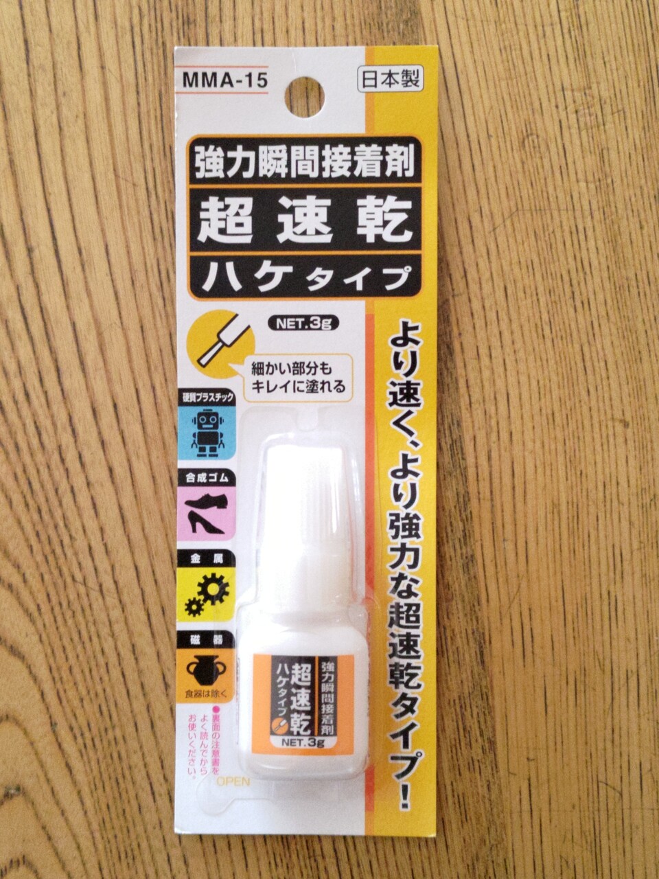 プールにいってないけどジェルネイルの先っぽがういてきたのでジェルネイル用の瞬間接着剤を買おうと百均でさがしたがなくて、しかたなく文房具売り場でさがしたらハケでぬるのを売ってたので買ってみた。
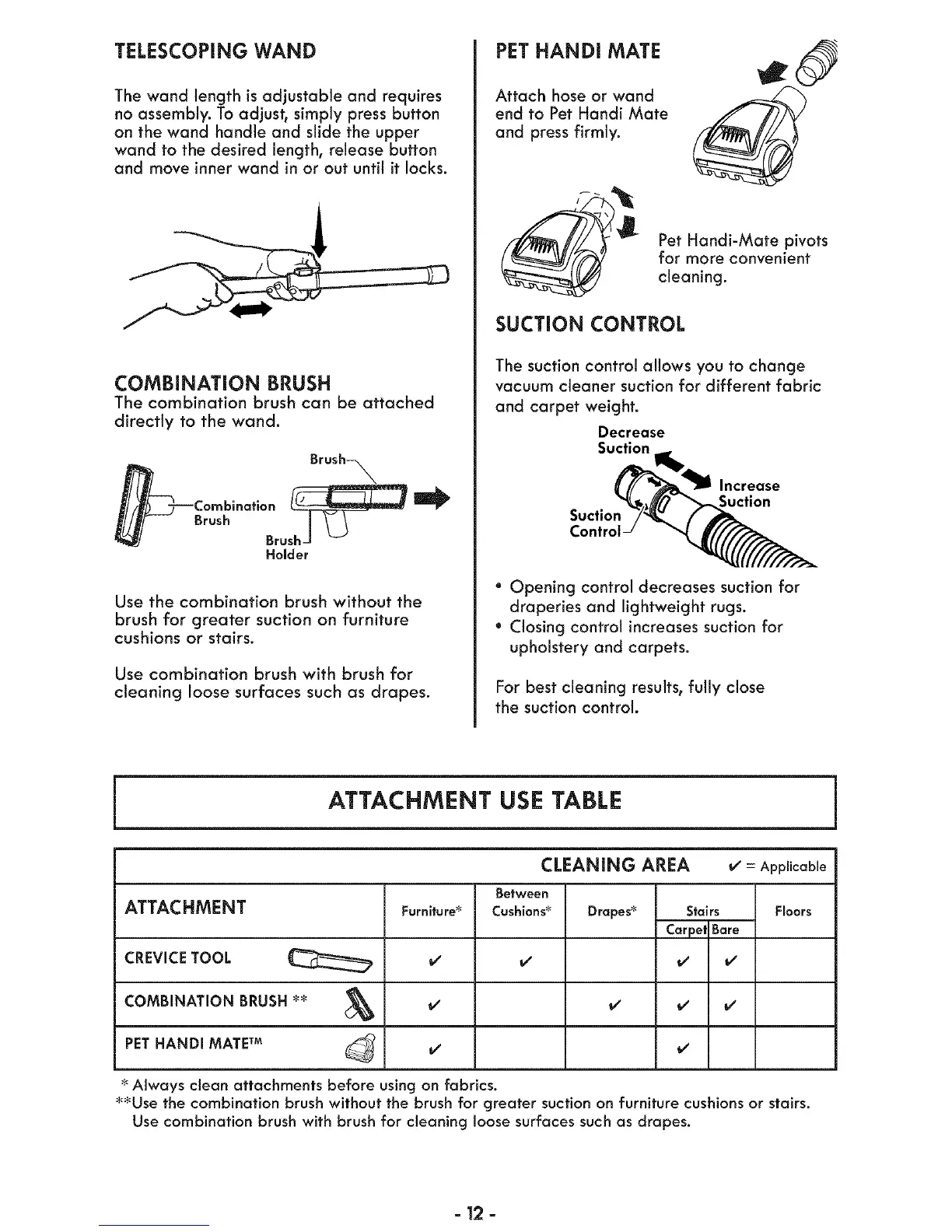 Always clean attachments before using on fabrics.
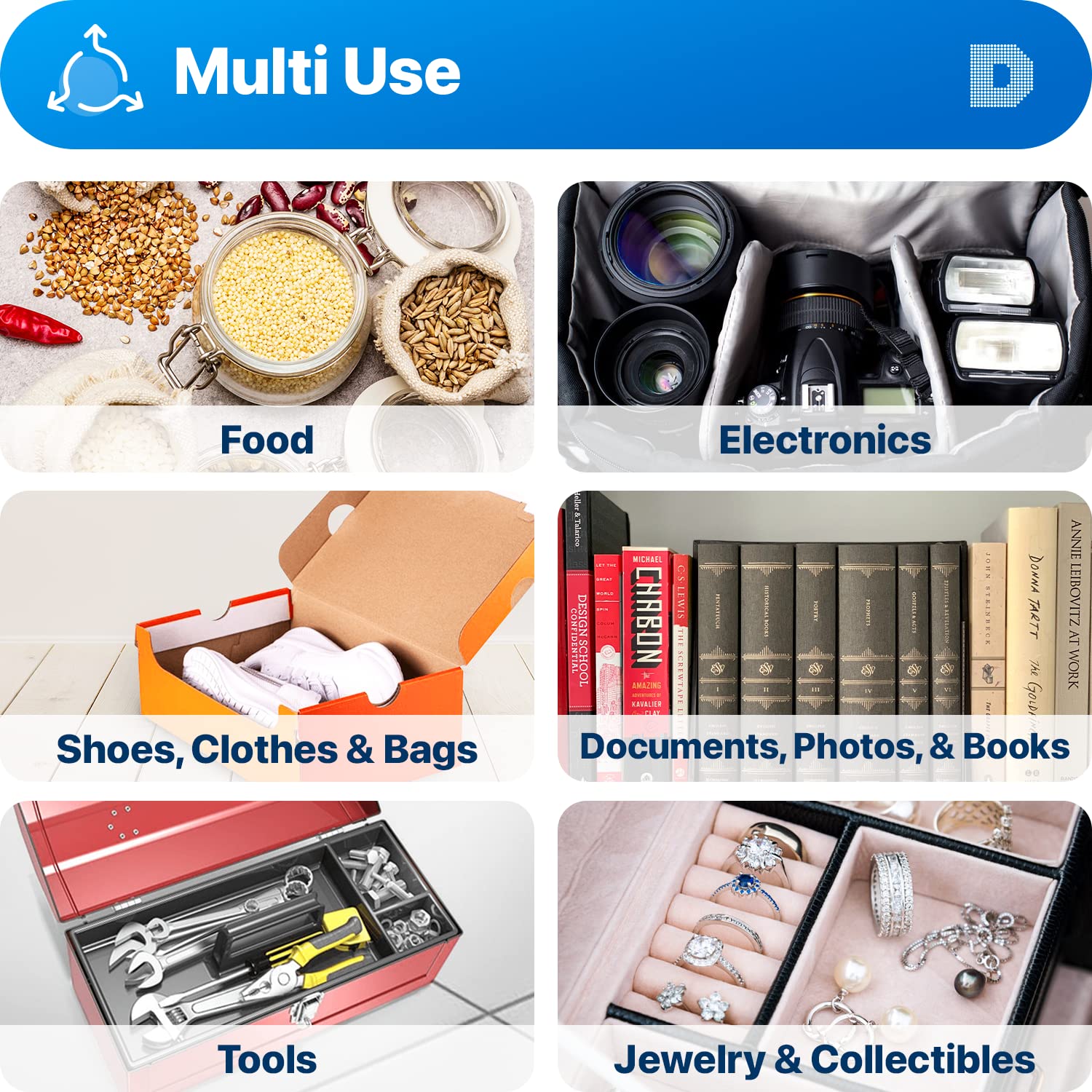 [How To Use] Place your items and silica gel packets in a tightly sealed container to protect your items from moisture damage; Use silica gel packs to protect 3D Filaments, Safes, Guns, Ammos, Canister, Collectables, Jewelry, Documents, Camera Lens, Clothes, Cosmetics, Books, Bags, Decorations, Wet phones, Cameras, Watches, Electronics, Shoes, and Many Other Valuables
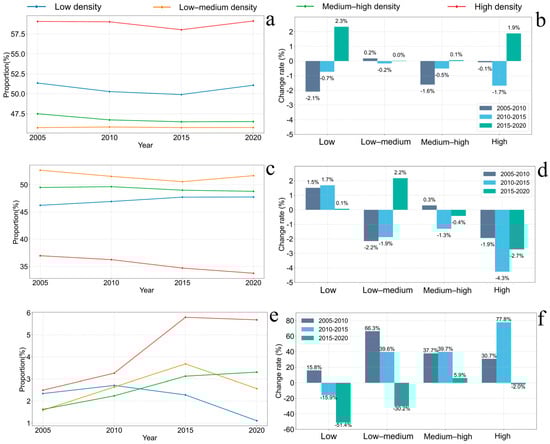 In the trend of low EVI value changes in different ISC density areas, high ISC density areas have the highest low EVI values, fluctuating between 58 and 59%, with a slight decline in 2015 but recovering to 59.12% by 2020. Low ISC density areas rank second, fluctuating between 49.91 and 51.35%. Medium-high and medium-low ISC density areas have the lowest EVI values, ranging between 46–47.5% and 45.7–45.8%, respectively (Figure 8a). Notably, both low and high ISC density areas showed positive growth during 2015–2020, at 2.3% and 1.9%, respectively, while they mostly showed negative growth during 2005–2010 and 2010–2015 periods (Figure 8b).
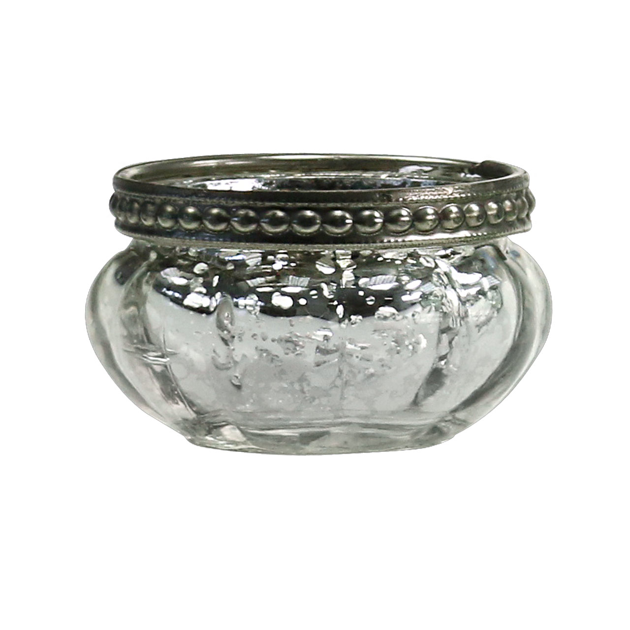 Product name: Tealight glass antique silver with metal rim Ø6cm H3.5cm
************
What is needed - With the pictures left out, copy exactly the lines from the one containing "In the trend" through the last line of the data.

Result -
 In the trend of low EVI value changes in different ISC density areas, high ISC density areas have the highest low EVI values, fluctuating between 58 and 59%, with a slight decline in 2015 but recovering to 59.12% by 2020. Low ISC density areas rank second, fluctuating between 49.91 and 51.35%. Medium-high and medium-low ISC density areas have the lowest EVI values, ranging between 46–47.5% and 45.7–45.8%, respectively (Figure 8a). Notably, both low and high ISC density areas showed positive growth during 2015–2020, at 2.3% and 1.9%, respectively, while they mostly showed negative growth during 2005–2010 and 2010–2015 periods (Figure 8b).
 Product name: Tealight glass antique silver with metal rim Ø6cm H3.5cm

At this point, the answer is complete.